I'll give a back story to all of this.

I had known of Henry Rollins from his music but was never an outright fan. I liked his music.

In the Australian summer of 2013, I had discovered this amazing site called zenpencils with illustrated quotes with the authors story and interpretation. I found a Henry Rollins quote which caught my attention. My mind was screaming at times to take a new path. I wouldn't let myself. I became interested in his works and I ordered a book from Amazon which was a condensed version of his previous works.

In February 2013, whilst managing a liquor store I was held up at knife point. I was traumatised by it. I switched to part time uni to compensate. During this time, the book arrived.

I would read it when I was catching the train to and from uni. I read it while I was getting help from my psych. Not during the sessions of course. What it taught me is that for all my strangeness, for all my depression, for how I had few friends, for how I didn't fit in.... I was okay. I didn't need to be like others and that helped during a time when I constantly felt scared.

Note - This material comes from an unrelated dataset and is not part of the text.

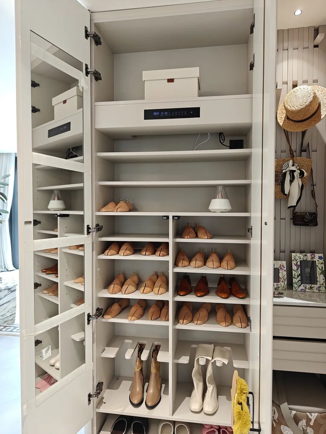 打开玄关柜不难发现,整个柜体空间非常之大,柜体内配备了鞋柜精灵,左侧打造了全身镜,下方还有踢脚抽,并且预留了高筒靴以及鞋盒的摆放空间,考虑的非常周到。
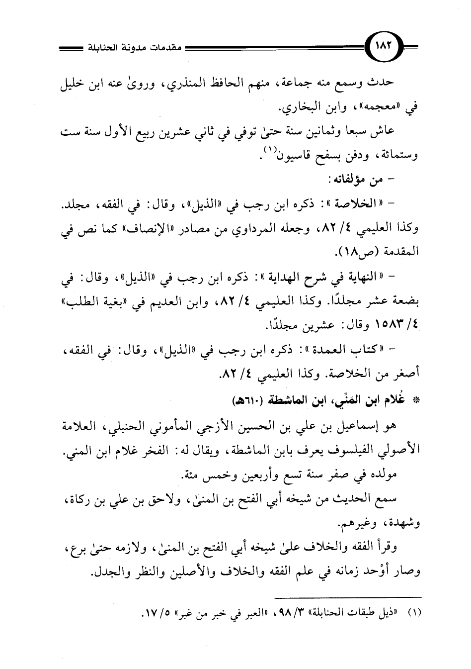 - "كتاب العمدة": ذكره ابن رجب في "الذيل"، وقال: في الفقه، أصغر من الخلاصة. وكذا العليمي 4/ 82.

When I heard he was coming to Australia, I bought a ticket. I left the show thinking to myself, he was right when he said he demanded an upgrade and to challenge my beliefs to became a new person. I have beliefs I am challenging and wanting to grow.

There's so much I have wanted to do but the way my mind was conditioned prevented it. Listening to Rollins, there is a lot I want to do. It isn't about fitting in anymore or having some group of friends. It's about doing things my way and not somebody else's. I'm yet to find my way but damned if I will live it according to someone else.

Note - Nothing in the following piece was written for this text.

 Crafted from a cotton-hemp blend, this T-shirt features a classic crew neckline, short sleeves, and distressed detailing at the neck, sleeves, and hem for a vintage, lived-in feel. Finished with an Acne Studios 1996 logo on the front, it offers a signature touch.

I used to have a quote about life. I used to have so many coming through high school as I tried to find a way to cope and to understand life. This one was an amalgamation of lyrics from a song by the Ataris.

Sometimes you gotta stop and remember, you're not gonna live forever. Think smart, have fun, stay true and just follow your heart.

It was like a philosophy for me. Now, it isn't. I woke up this morning and realised that I don't believe in it anymore. It doesn't fit.